▶ [Aim of the task]
Where an image appears, leave it out; otherwise repeat the data exactly.

▶ [Source material]
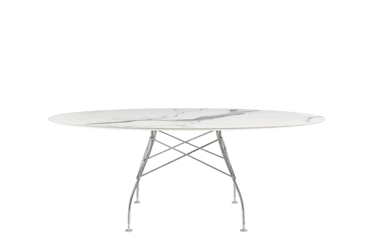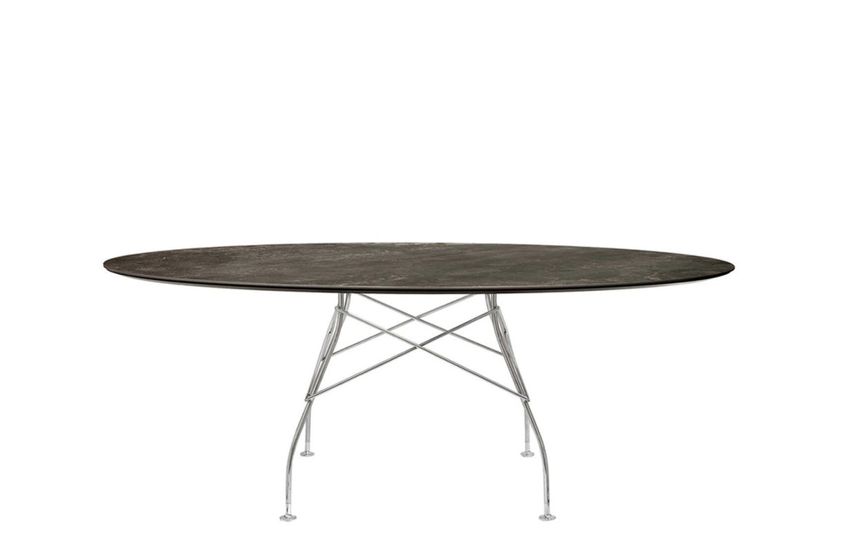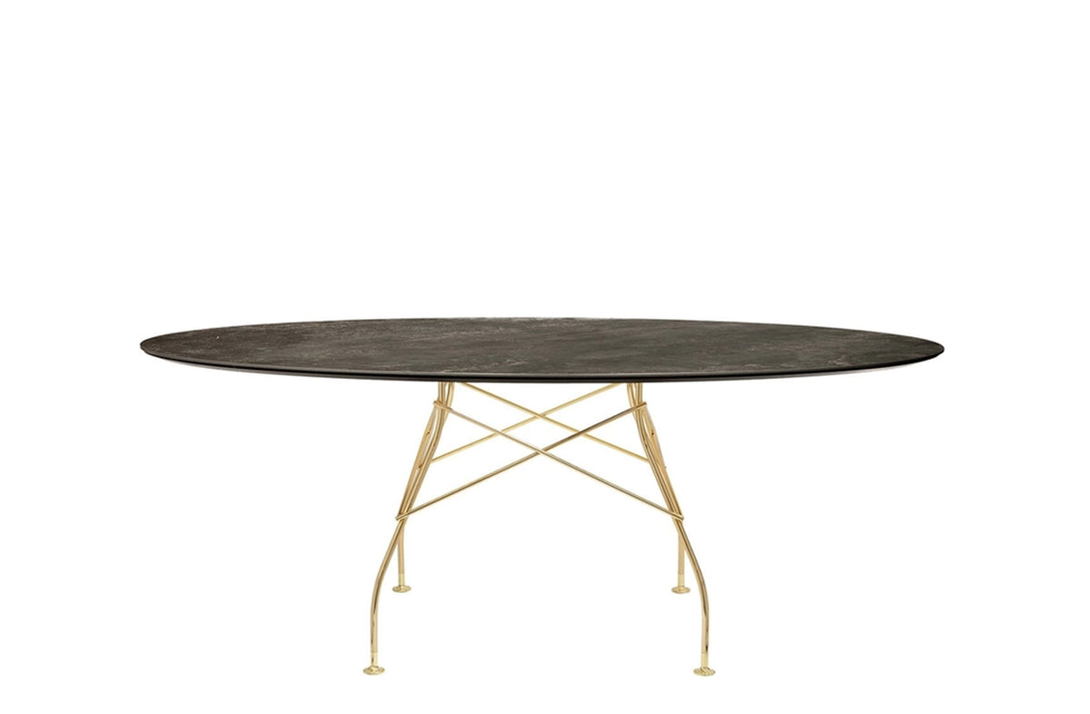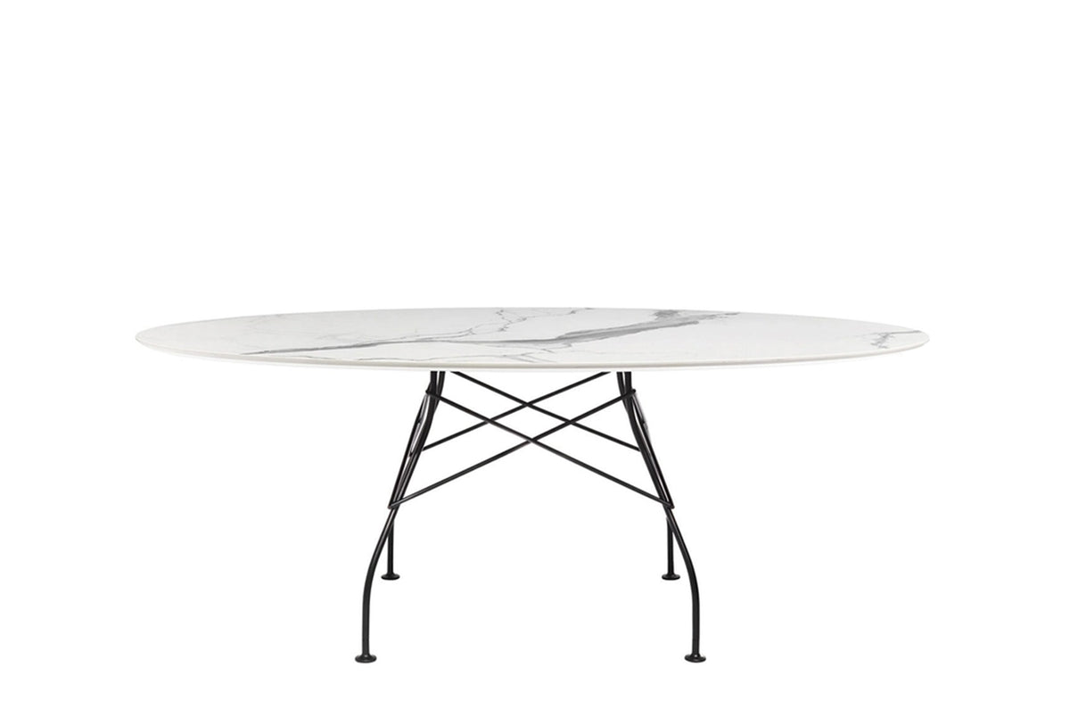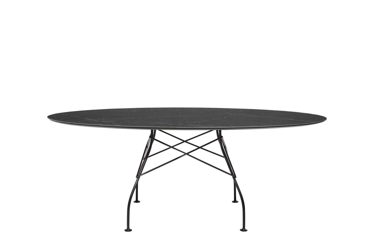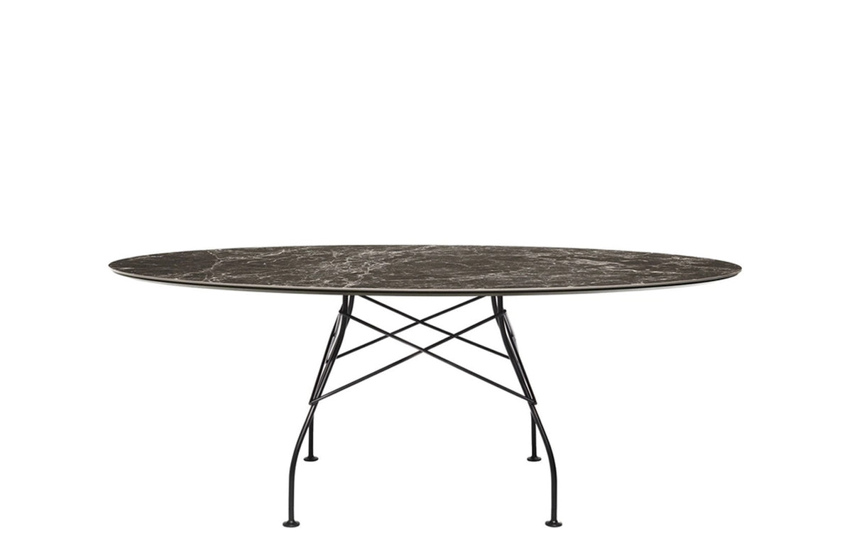 A family of tables ideal for the home and office. The light steel structure is made particular by the use of the cross element that joins the legs on each of the four sides, supporting the top. The collection comprises square, oval and round versions.
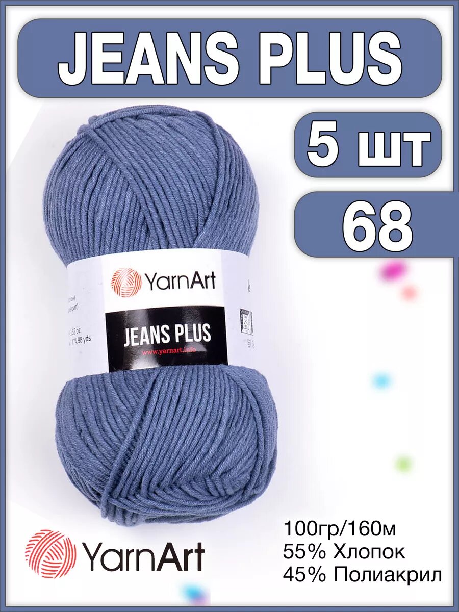Пряжа Jeans Plus 68 для вязания, 100г/160м - 5 шт информация:
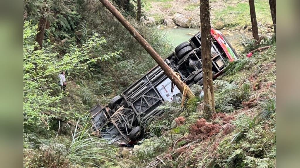 南投遊覽車墜落約40公尺山谷翻覆 至少6輕重傷、1命危
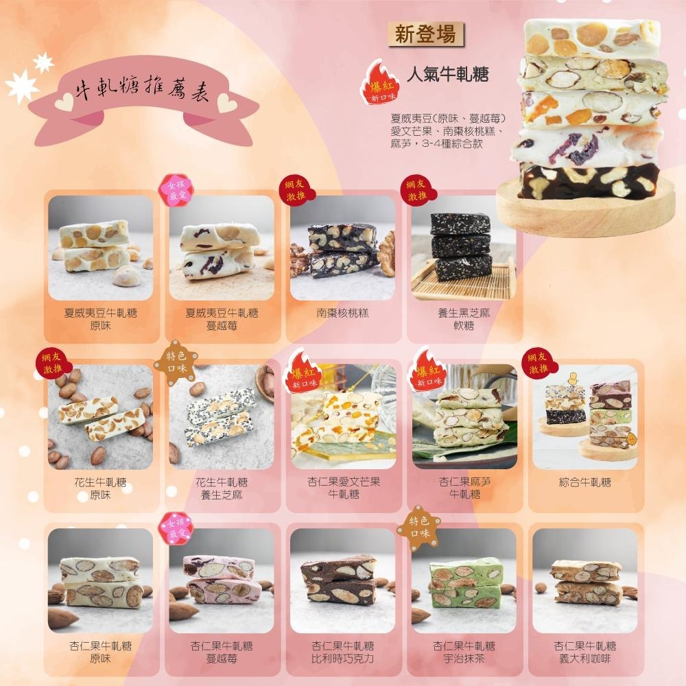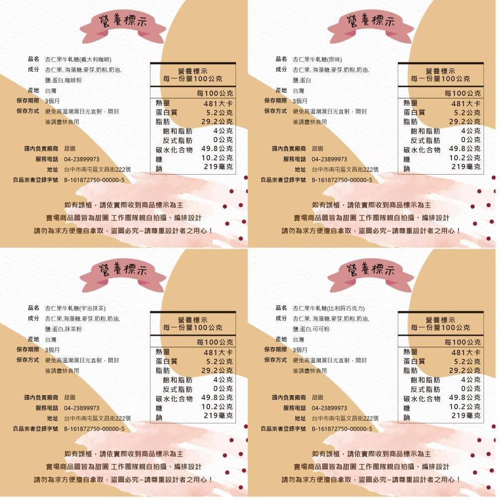 👉過年禮盒12盒以上購買有93折優惠還加贈1盒(以價低者計算),詳情請與我們聯絡! 🔔禮盒超商:小資禮盒僅限13盒,圓滿禮盒僅限3盒,超過數量請使用宅配!! 若需禮盒外加其他商品請私訊小幫手為您解答~~ 🔔禮盒有新舊包裝款,款式將會隨機出貨~~ 產品名稱 ► 法式 純手工牛軋糖 杏仁果牛軋糖 / 花生牛軋糖 袋裝 產品規格 ► 200g(約19-20個不等) (實際數量以內容物為主) ✠花生牛軋糖 200g(約19-20個不等) 原味口味、 養生芝麻口味 ✠杏仁果牛軋糖 200g(約19-20個不等) 原味口味、宇治抹茶口味、義大利咖啡口味、美國蔓越莓口味、比利時巧克力口味 ✠✠綜合牛軋糖:杏仁果(5種口味)+花生(2種口味)+黑芝麻軟糖 混搭款 隨機5-8種口味出貨 (此款180g/包) 保存期限 ► 3個月 產品說明 ► ★★純手工製作 ★使用加州杏仁果及台灣花生 ★搭配搭配濃、純、香之新鮮牛乳! ★以海藻糖替代了砂糖,甜度大為降低! ★獨一無二之高營養、無負擔的頂級茶點! ★全新素材搭配,堅持完整製程的古法傳承 產地 ►台灣 備註 ► ☑️食品類因安全衛生考量,故拆封過後皆不退換貨,敬請見諒! ☑️ 開封後容易受潮,請密封放置於陰涼處,並儘早食用完畢。 ☑️ 商品運送中難免會碰撞、凹痕及破碎等輕微情況,介意者請勿下標。 ☑️ 天氣炎熱,軟糖、巧克力等商品會因氣溫而導致融化、變形, 建議您可冷藏後食用,商品一樣美味,如果還是介意者請勿下標。 ☑️ 進口商品會不定期更換包裝,請以實際收到商品為主。 ☑️部分蜜餞類、水果乾及餅乾糖果等商品採用食品級夾練袋包裝,避免一次性食用不完的情形。 **資訊如有誤植,請以收到的實際商品為主。** 廠商住址 ► 台中市南屯區文昌街222號 廠商電話 ► 04-2389-9973 食品業者登入字號 ► B-161872750-00000-5 產品責任險 ► 國泰產險 保險單號碼 1502字 08PD04600號" 消費者收受日起算,至少距有效日期前150日以上 ⚠賣場商品圖皆為甜園 工作團隊親自拍攝、編排設計 請勿為求方便擅自拿取,盜圖必究~請尊重設計者之用心! #牛軋糖 #伴手禮 #中秋節首選 #杏仁果牛軋糖 #不黏牙 #中秋節禮盒 #年節禮盒 #蘇格蘭禮盒 #抹茶 #蔓越莓 #巧克力 #咖啡

▶ [Response to this task]
 A family of tables ideal for the home and office. The light steel structure is made particular by the use of the cross element that joins the legs on each of the four sides, supporting the top. The collection comprises square, oval and round versions.
Пряжа Jeans Plus 68 для вязания, 100г/160м - 5 шт информация:
 南投遊覽車墜落約40公尺山谷翻覆 至少6輕重傷、1命危
 👉過年禮盒12盒以上購買有93折優惠還加贈1盒(以價低者計算),詳情請與我們聯絡! 🔔禮盒超商:小資禮盒僅限13盒,圓滿禮盒僅限3盒,超過數量請使用宅配!! 若需禮盒外加其他商品請私訊小幫手為您解答~~ 🔔禮盒有新舊包裝款,款式將會隨機出貨~~ 產品名稱 ► 法式 純手工牛軋糖 杏仁果牛軋糖 / 花生牛軋糖 袋裝 產品規格 ► 200g(約19-20個不等) (實際數量以內容物為主) ✠花生牛軋糖 200g(約19-20個不等) 原味口味、 養生芝麻口味 ✠杏仁果牛軋糖 200g(約19-20個不等) 原味口味、宇治抹茶口味、義大利咖啡口味、美國蔓越莓口味、比利時巧克力口味 ✠✠綜合牛軋糖:杏仁果(5種口味)+花生(2種口味)+黑芝麻軟糖 混搭款 隨機5-8種口味出貨 (此款180g/包) 保存期限 ► 3個月 產品說明 ► ★★純手工製作 ★使用加州杏仁果及台灣花生 ★搭配搭配濃、純、香之新鮮牛乳! ★以海藻糖替代了砂糖,甜度大為降低! ★獨一無二之高營養、無負擔的頂級茶點! ★全新素材搭配,堅持完整製程的古法傳承 產地 ►台灣 備註 ► ☑️食品類因安全衛生考量,故拆封過後皆不退換貨,敬請見諒! ☑️ 開封後容易受潮,請密封放置於陰涼處,並儘早食用完畢。 ☑️ 商品運送中難免會碰撞、凹痕及破碎等輕微情況,介意者請勿下標。 ☑️ 天氣炎熱,軟糖、巧克力等商品會因氣溫而導致融化、變形, 建議您可冷藏後食用,商品一樣美味,如果還是介意者請勿下標。 ☑️ 進口商品會不定期更換包裝,請以實際收到商品為主。 ☑️部分蜜餞類、水果乾及餅乾糖果等商品採用食品級夾練袋包裝,避免一次性食用不完的情形。 **資訊如有誤植,請以收到的實際商品為主。** 廠商住址 ► 台中市南屯區文昌街222號 廠商電話 ► 04-2389-9973 食品業者登入字號 ► B-161872750-00000-5 產品責任險 ► 國泰產險 保險單號碼 1502字 08PD04600號" 消費者收受日起算,至少距有效日期前150日以上 ⚠賣場商品圖皆為甜園 工作團隊親自拍攝、編排設計 請勿為求方便擅自拿取,盜圖必究~請尊重設計者之用心! #牛軋糖 #伴手禮 #中秋節首選 #杏仁果牛軋糖 #不黏牙 #中秋節禮盒 #年節禮盒 #蘇格蘭禮盒 #抹茶 #蔓越莓 #巧克力 #咖啡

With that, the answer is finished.